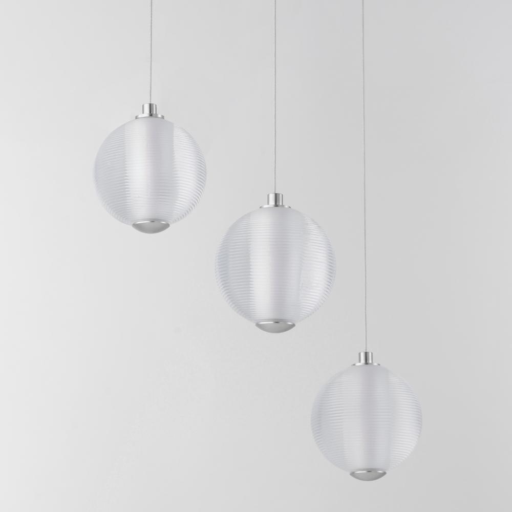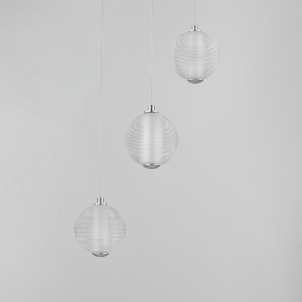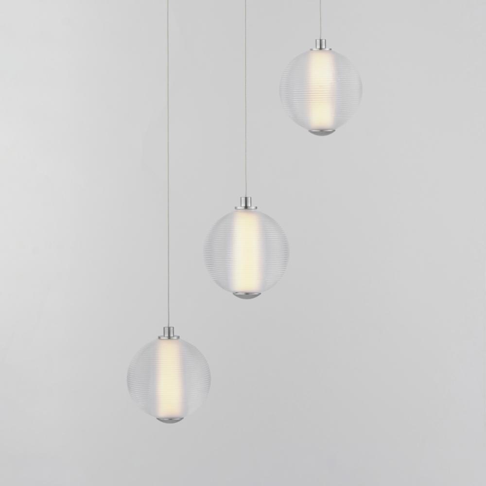 Ablaze with omnidirectional LED light radiating from the center of perfectly ribbed spheres, the lustrous glow within accentuates the repeating pattern on the glass' exterior. With minimal hardware visible outside the glass, select from Polished Chrome
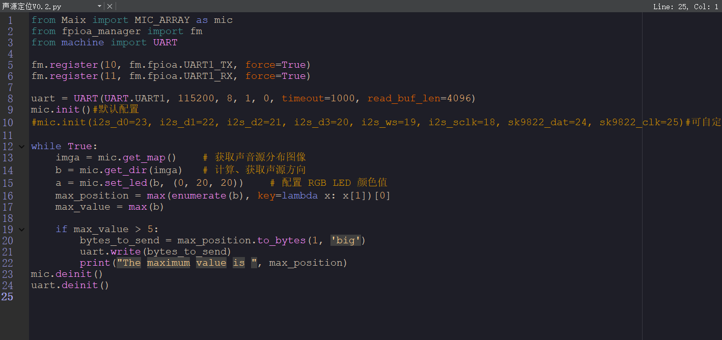 2.对声源定位例程略微修改下,给即将发出的数据限定一个最小值:
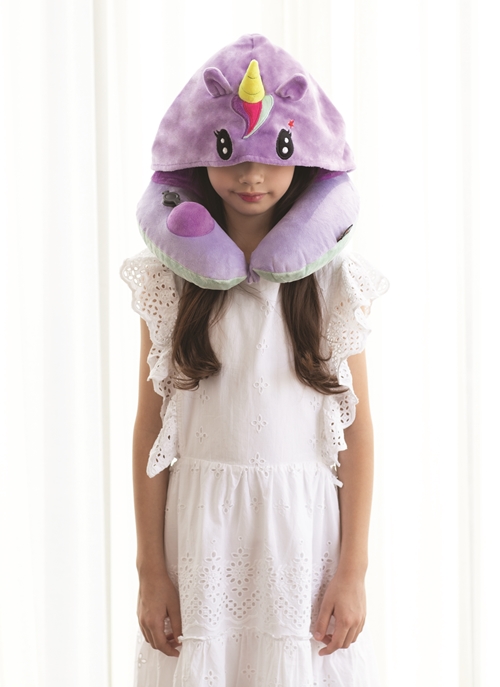 Travelmall 3D Inflatable Neck Pillow with Patented Pump and Hood (Unicorn)
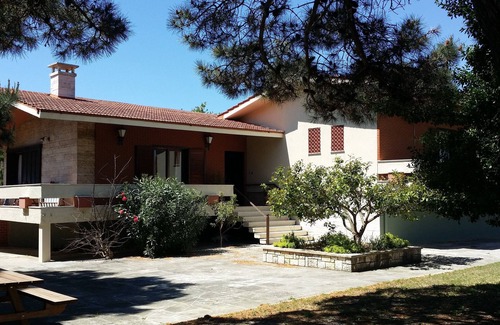 With its own sandy beach, this large seafront house (160 m2) with its surrounding Mediterranean fruit grove (6,000 m2), is ideal for a relaxing holiday. 3 large bedrooms, 2 bathrooms and a large living room can sleep 6 people. With the beach in front of the sea-door you can swim anytime, from dawn till night, in the crystal clear waters of the Ionian Sea and return for a shower. In the spacious verandas of the house you could take your breakfast, enjoy the sea-view, hide from the sea-breeze, enjoy the sun, have your favourite drink while watching the sunset, etc. Full kitchen amenities, laundry, internet, air-conditioning when needed, spacious garden.
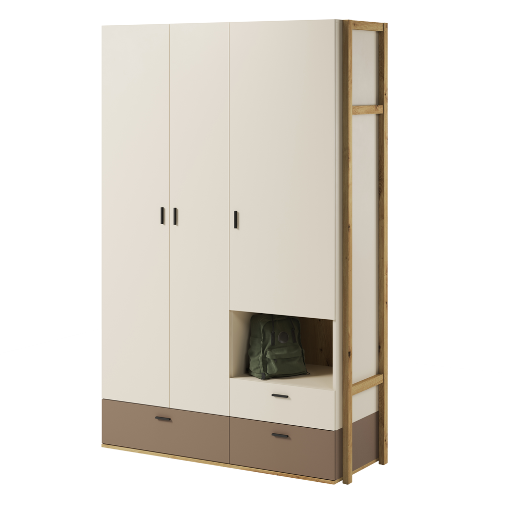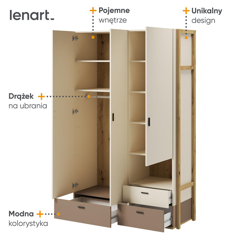 Szafa Lenny to trzydrzwiowy mebel, który charakteryzuje się funkcjonalnym designem. Posiada ona niewielką wnękę przeznaczoną na drobne ozdoby, co dodaje jej dodatkowego uroku. Na dolnej części szafy umieszczono trzy praktyczne szuflady, które pozwalają na porządkowanie drobnych przedmiotów.
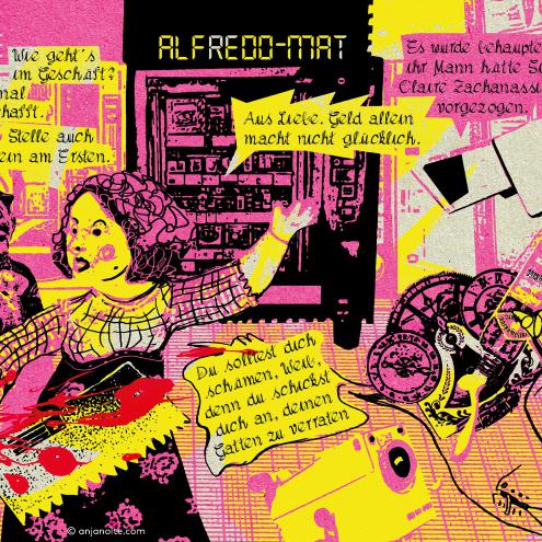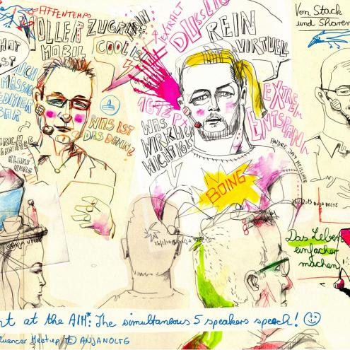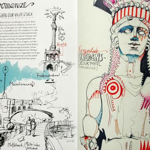 Anja Nolte, Kindheit an Rott und Isar, lebt und arbeitet als freischaffende Künstlerin und Illustratorin in Berlin. Ob Illustrationen für DIE ZEIT, Lufthansa oder Deutsche Bahn, Gestaltung der "Café Latte New York Edition“ für emmi, bis hin zur Animation des Kinotrailers Goldener Schnitt (Museum für Kommunikation Berlin). Ob bloggende Livezeichnerin für den Bayerischen Rundfunk auf dem Wiener Opernball, als Porträtzeichnerin für Microsoft bei den Cannes Lions oder für Adobe als Speaker on stage im Münchner Muffatwerk, Anja Nolte sucht und geht leidenschaftlich gerne immer wieder neue, kreative Wege. Ihre Arbeiten finden sich regelmäßig in BEST-OF Compilations, etwa in Lürzer’s „200 Best Illustrators worldwide 2016/17“, die Stiftung Buchkunst würdigte 2015 ihre Illustration des Gedichtbandes „Im Verborgenen“ von Konstantinos Kaváfis als „eines der 25 schönsten Bücher Deutschlands“. Aktuell ist das erste Buch von ihr erscheinen in dem sie auch Autorin ist: Urban Sketching München (Christophorus Verlag). Die Bayerische Metropole aus Künstlersicht, ein Reiseführer und Erzählband mit über 240 Zeichnungen der Autorin, sowie vielen Tipps rund ums kreative Gestalten. Noltes zweite Leidenschaft ist Musik: Sie singt, spielt Jazzgitarre und erstellt Soundcollagen, die oft Eingang in ihre Arbeit finden.
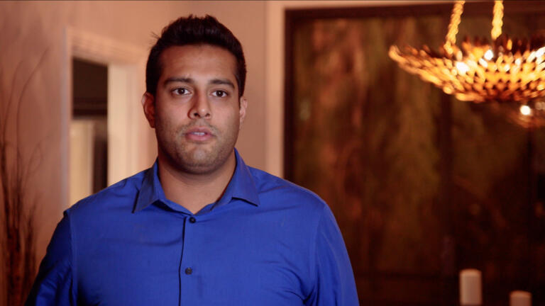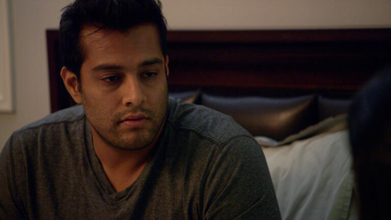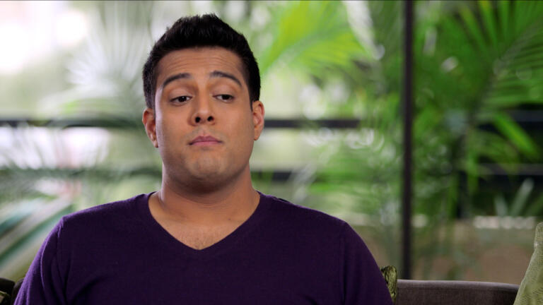 Veeral's sister hosts a dinner party that brings all three couples together for the first time.

▶ _WHAT TO WORK ON_
For this exercise, return every entry verbatim and omit all pictures.

▶ _RESULT OF THIS TASK_
 Ablaze with omnidirectional LED light radiating from the center of perfectly ribbed spheres, the lustrous glow within accentuates the repeating pattern on the glass' exterior. With minimal hardware visible outside the glass, select from Polished Chrome
 2.对声源定位例程略微修改下,给即将发出的数据限定一个最小值:
 Travelmall 3D Inflatable Neck Pillow with Patented Pump and Hood (Unicorn)
 With its own sandy beach, this large seafront house (160 m2) with its surrounding Mediterranean fruit grove (6,000 m2), is ideal for a relaxing holiday. 3 large bedrooms, 2 bathrooms and a large living room can sleep 6 people. With the beach in front of the sea-door you can swim anytime, from dawn till night, in the crystal clear waters of the Ionian Sea and return for a shower. In the spacious verandas of the house you could take your breakfast, enjoy the sea-view, hide from the sea-breeze, enjoy the sun, have your favourite drink while watching the sunset, etc. Full kitchen amenities, laundry, internet, air-conditioning when needed, spacious garden.
 Szafa Lenny to trzydrzwiowy mebel, który charakteryzuje się funkcjonalnym designem. Posiada ona niewielką wnękę przeznaczoną na drobne ozdoby, co dodaje jej dodatkowego uroku. Na dolnej części szafy umieszczono trzy praktyczne szuflady, które pozwalają na porządkowanie drobnych przedmiotów.
 Anja Nolte, Kindheit an Rott und Isar, lebt und arbeitet als freischaffende Künstlerin und Illustratorin in Berlin. Ob Illustrationen für DIE ZEIT, Lufthansa oder Deutsche Bahn, Gestaltung der "Café Latte New York Edition“ für emmi, bis hin zur Animation des Kinotrailers Goldener Schnitt (Museum für Kommunikation Berlin). Ob bloggende Livezeichnerin für den Bayerischen Rundfunk auf dem Wiener Opernball, als Porträtzeichnerin für Microsoft bei den Cannes Lions oder für Adobe als Speaker on stage im Münchner Muffatwerk, Anja Nolte sucht und geht leidenschaftlich gerne immer wieder neue, kreative Wege. Ihre Arbeiten finden sich regelmäßig in BEST-OF Compilations, etwa in Lürzer’s „200 Best Illustrators worldwide 2016/17“, die Stiftung Buchkunst würdigte 2015 ihre Illustration des Gedichtbandes „Im Verborgenen“ von Konstantinos Kaváfis als „eines der 25 schönsten Bücher Deutschlands“. Aktuell ist das erste Buch von ihr erscheinen in dem sie auch Autorin ist: Urban Sketching München (Christophorus Verlag). Die Bayerische Metropole aus Künstlersicht, ein Reiseführer und Erzählband mit über 240 Zeichnungen der Autorin, sowie vielen Tipps rund ums kreative Gestalten. Noltes zweite Leidenschaft ist Musik: Sie singt, spielt Jazzgitarre und erstellt Soundcollagen, die oft Eingang in ihre Arbeit finden.
 Veeral's sister hosts a dinner party that brings all three couples together for the first time.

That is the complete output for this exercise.